(KMOX)-As two metro east villages search for a way to pay for what they say are unnecessary federally mandated levee inspections, the agency requiring those inspections says it feels their pain, but can’t help them.
As KMOX reported last week, the villages of New Athens and Prairie Du Rocher are expecting to pay in the neighborhood of $1 million to hire private engineers to inspect their levees, levees they say have never been found to be deficient by the Corps of Engineers.
Federal Emergency Management Agency civil engineer Suzanne Vermeer has met with officials in both villages, and says she understands the challenges they face. But she says the levees have to meet the federal standards, “It is a national standard…that applies to all levees nationwide as far as what data is required to map the flood risk.”

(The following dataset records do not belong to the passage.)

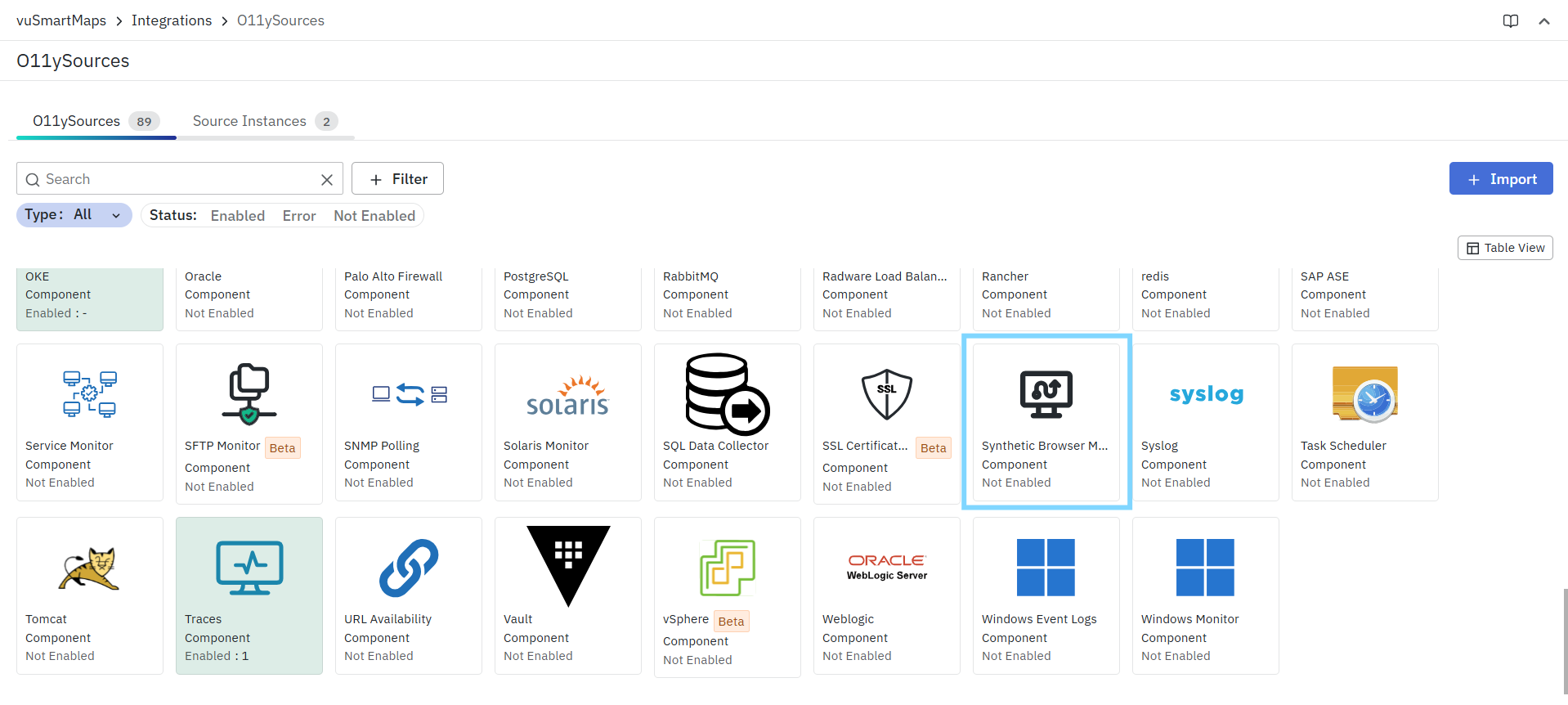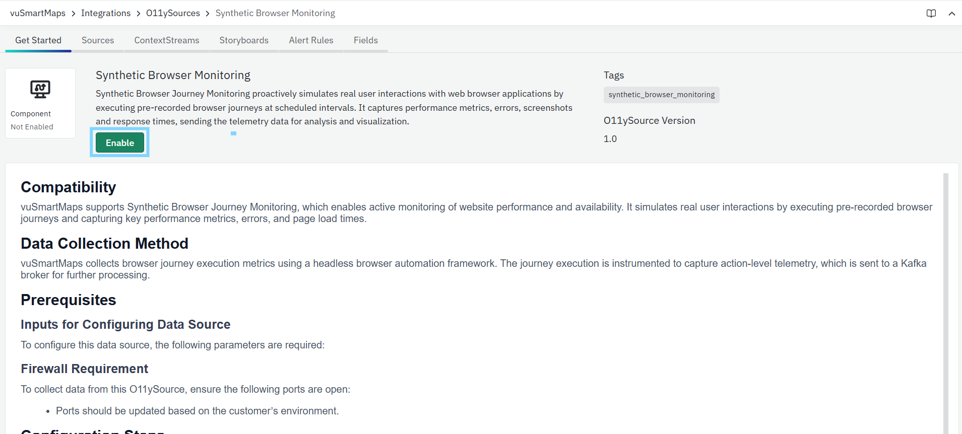 - Click the Enable button to activate vuSyntheticBrJourney O11ySource.
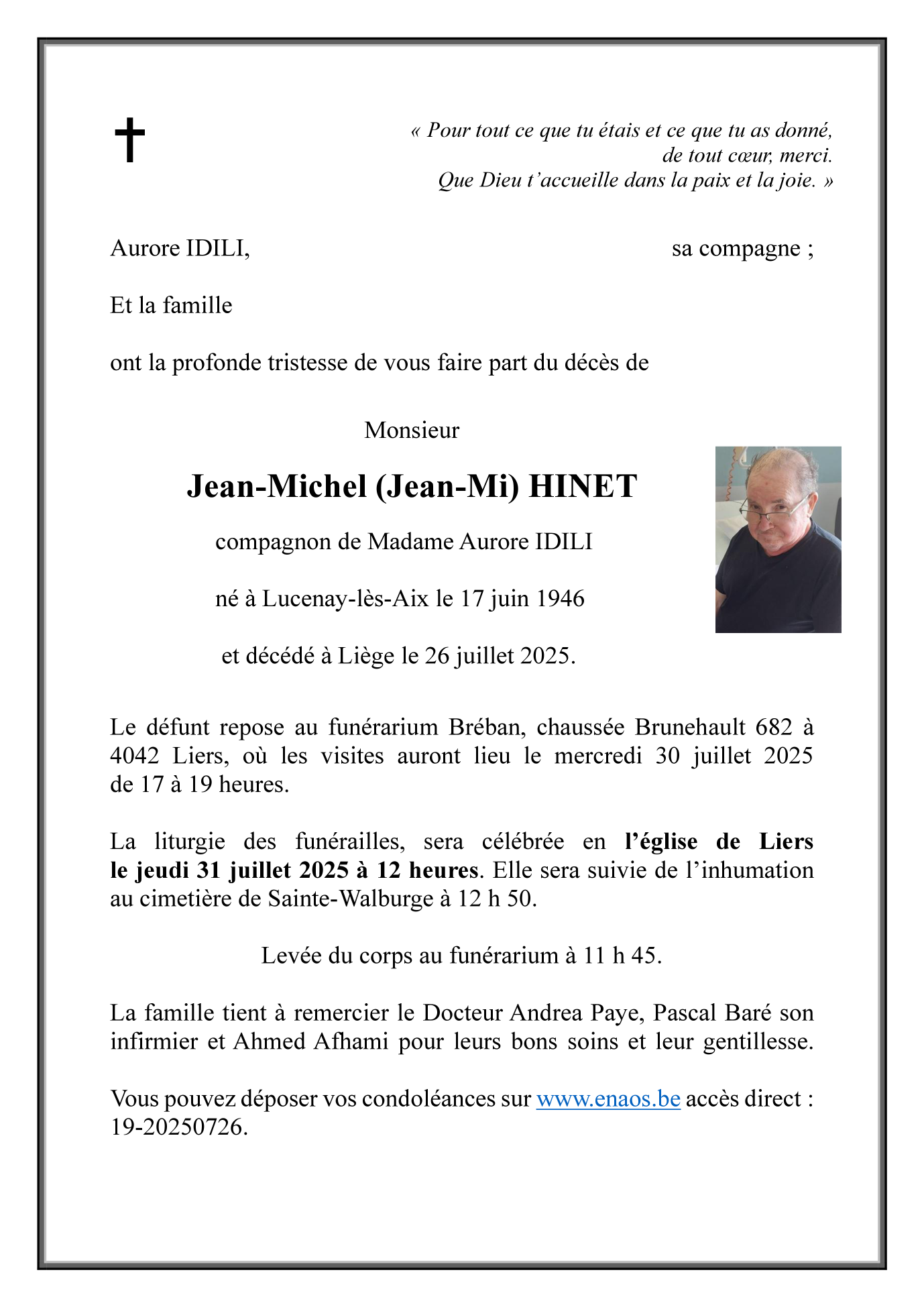 Overleden te Liège (4000, België) op zaterdag 26 juli 2025 op 79-jarige leeftijd
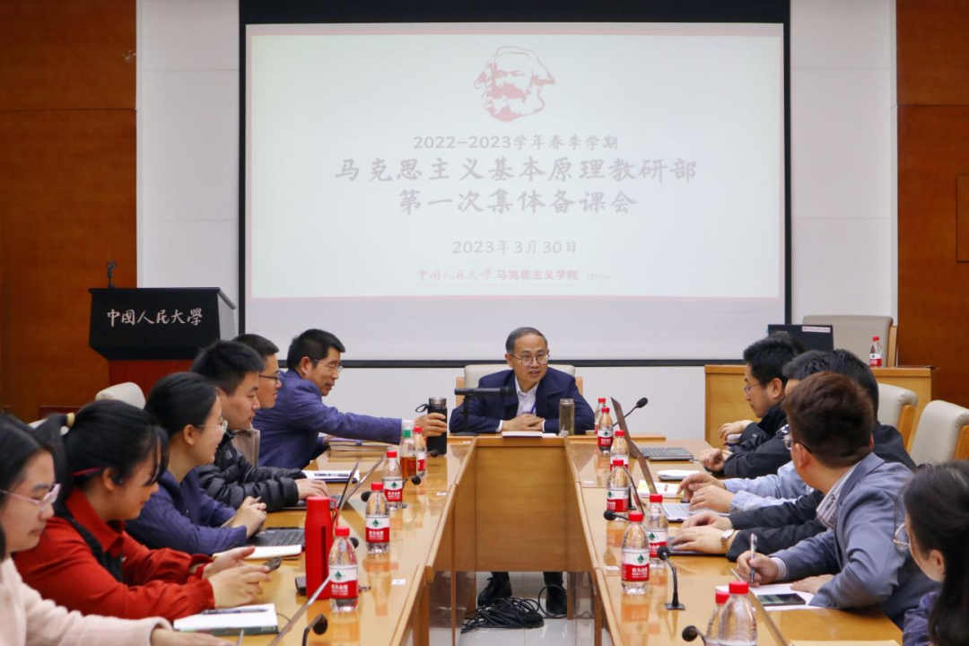 ▲中國人民大學(xué)舉辦《習(xí)近平新時(shí)代中國特色社會主義思想概論》集體備課會,黨委書記張東剛領(lǐng)銜備課。

Vermeer says it’s her agency’s job to certify the levees and it’s not authorized to help fund the inspections, “The community can hire different engineers, and they may charge different amounts of money, so it’s really between the community and the engineer as to the cost associated with evaluating the data for their levee.”
New Athens Mayor Gary Kearns says his village of 2,000 residents is looking at anywhere from $350,000 to $1 million. Prairie Du Rocher Mayor Ernie Doiron says his village of 604 residents is expecting to pay at least $1 million.
Vermeer points out that each village signed an agreement to have their levees meet the standards, but officials from both villages say they had to sign the agreement, or the levees would have been decertified two years ago. desertification would result in FEMA eliminating the levees from the new flood maps, causing flood insurance rates behind them to skyrocket.
Vermeer says FEMA has not set a hard deadline for the inspections to be completed and hasn’t set a date for releasing the new flood maps.
She says FEMA is working with the villages but the bottom line is that there are national standards the levees must meet.